Subject: Usable Specs=DFDs
From: "Anthony Markatos" <tonymar -at- hotmail -dot- com>
To: billdb -at- ile -dot- com, techwr-l -at- lists -dot- raycomm -dot- com
Date: Mon, 25 Oct 1999 15:52:04 PDT

Bill Burns said:

..I don't have a problem with Yourdon's idea [using data flow diagrams and other structured systems analysis (SSA) techniques to create highly task-oriented requirements specs]. I've just never seen it [done] in practice, and I haven't seen an environment conducive to that level of software specification by SW developers.

Tony Markatos responds:

I have worked with graduate-degree software developers who said that Data Flow Diagrams (DFDs) are just too hard to understand. I have also, very successfully, walked-through DFDs (of the same level of complexity that the graduate developers found 'too difficult') with end users having only a high school education.
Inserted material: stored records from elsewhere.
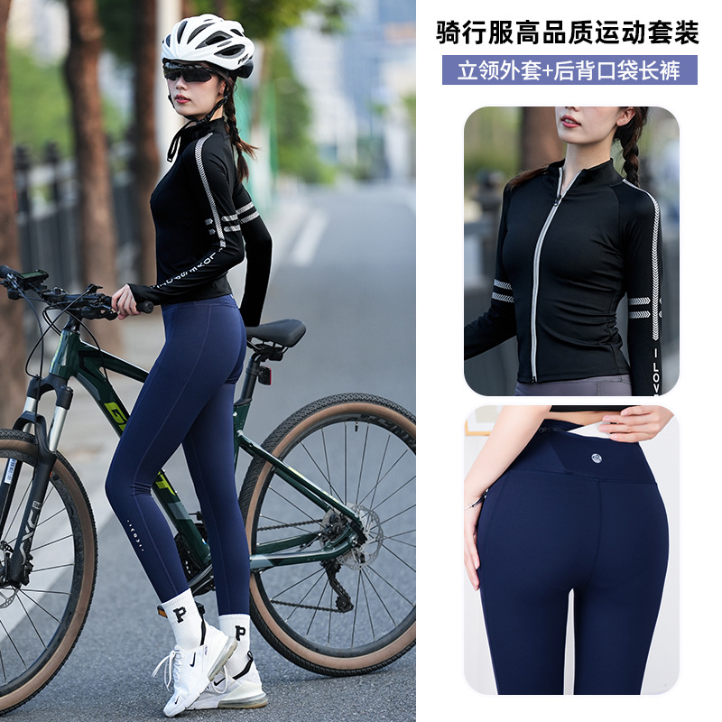 새로운 도착 얇은 고속도로 긴팔 야외 승마 세트 빠른 건조 스포츠 세트 여성 피트니스 요가 세트 카디건스토어 가기
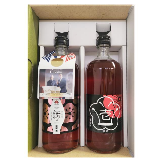 「梅酒(壱)ICHI」は、沖縄県泡盛をベースとした琉球泡盛梅酒です。紀州みなべ産の完熟南高梅と希少な真っ赤なすもも梅をじっくり漬け込みました。きれいな淡いピンク色で香りも豊か、さっぱりとした甘さで口あたりのよい本格梅酒です。※アルコール度13度。「梅酒(縁)ENISHI」は、京都佐々木酒造の壽楽蔵出し原酒で完熟南高梅を漬け込んだ梅酒です。紀州みなべ産の完熟南高梅と露茜(つゆあかね)という和歌山県の一部の農家でしか作られていない希少な品種の梅をじっくりと漬け込みました。いちごのようなきれいな赤い色合いで日本酒のフルーティーな味わいと南高梅の風味が楽しめる飲みやすい本格梅酒です。※アルコール度10度。
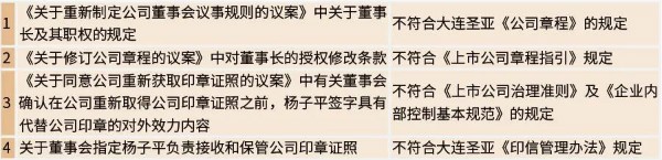 硬夺不行,杨子平此次选择通过董事会决议的方式欲直接废除原公章,并赋予其签字取代公章的权力。这也引发了大连圣亚大股东星海湾投资的两名董事梁爽、吴健及职工董事肖峰的反对。根据三名董事的表态,公司公章、证照一直处于安全、妥善保管状态,不存在任何人违反规定擅自使用或盗用的情形,故公司重新获取印章证照的理由不成立。
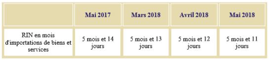 Les RIN en mois d’importations de biens et services se sont établies à 5 mois et 11 jours à fin mai 2018, contre 5 mois et 14 jours pendant la même période de l’année précédente.
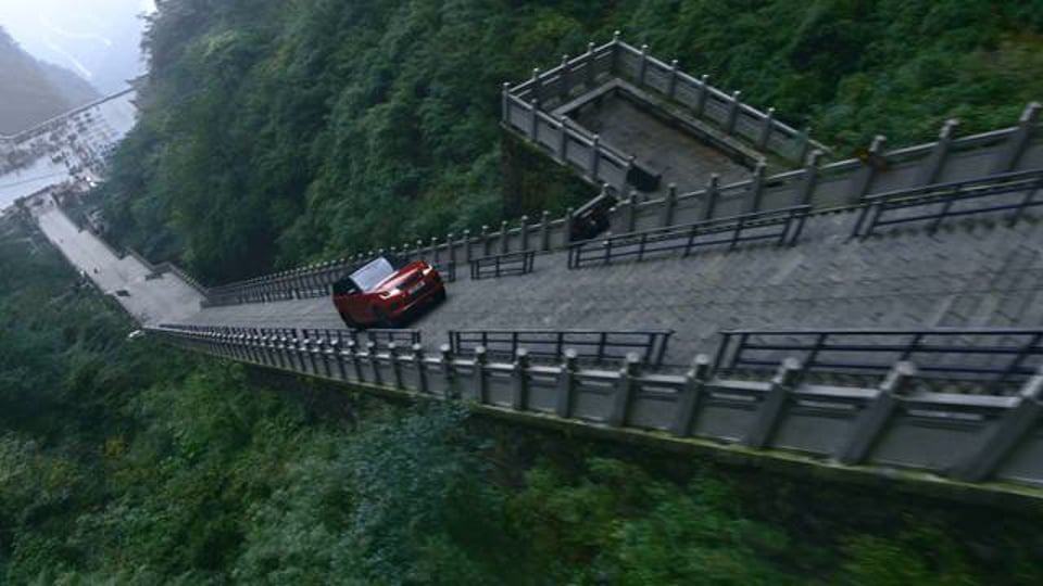 - Über 99 Serpentinen und 999 Stufen mit 45 Grad Steigung erreicht der Range Rover Sport als erstes Auto überhaupt die spektakuläre Felsformation „Tor zum Himmel“
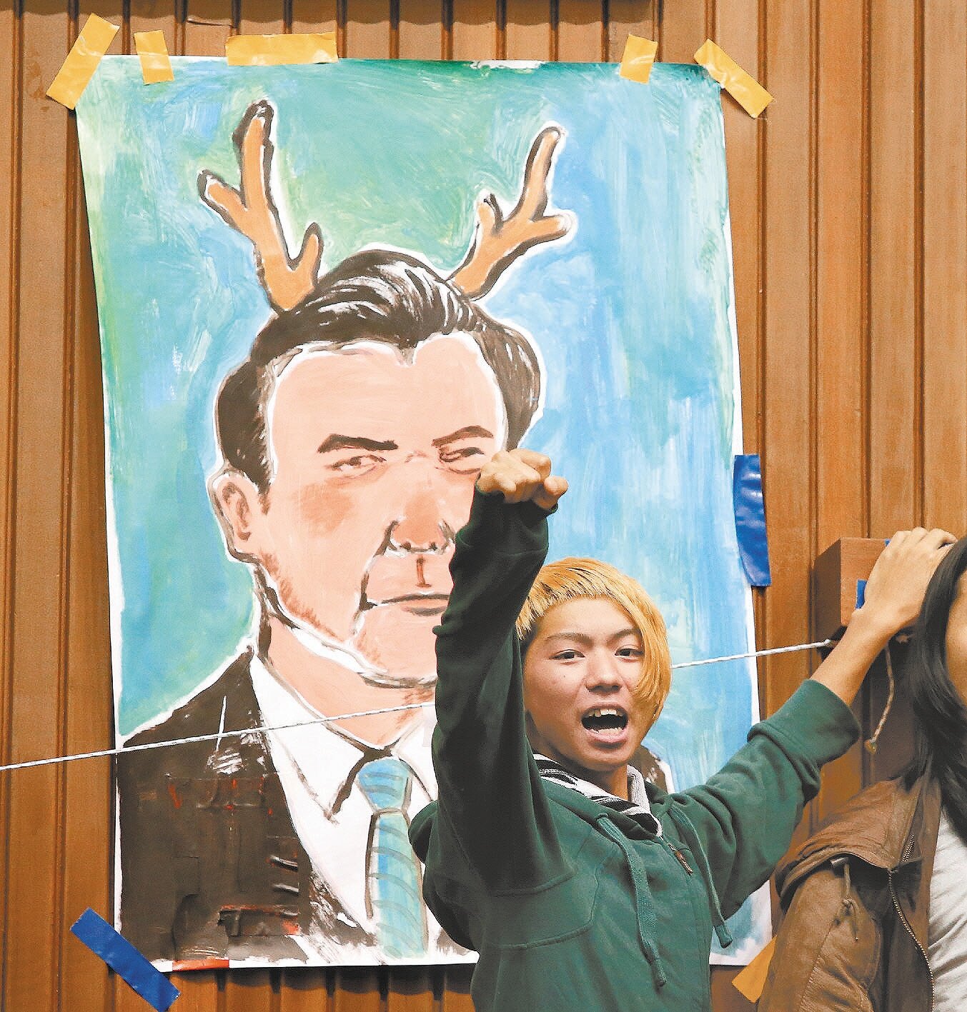 議場內學生自製創意海報,諷刺馬英九總統。(記者林澔一/攝影)

The real issue in using them is not complexity but politics (i.e., turf wars and egos).

Yourdon used to say that DFDs without a (complete) data dictionary and entity relationship diagrams are "merely rough sketches". He has since changed his mind: he now acknowleges the political dangers in creating a detailed "As-Is" model.

However, even within organizations in which many are resistive of SSA techniques, I have found that (as long as upper management is not resistive) utilizing them, to the degree that they can be, results in specs that are much more task-oriented than otherwise possible. The following is a "real world" (politics considered) scenario:

1.) You are only allowed a couple of end user walk-throughs per data flow diagram. (For a variety of reasons, often many more iterations are needed.)

2.) You are only allowed time to rigorously define major data relationships and data flows.

3.) You have a strong sense that, if you ask any more questions, you will be attacked.

Having done, the above, you are still way short of the Yourdon ideal. However, reality is that you have completed an analysis more rigorous than 98% of all formal requirements specs efforts; the "real world" specification process is that primative. Additionally, your analysis will be much more end user focused than typically occurs. I have always found such to be the case.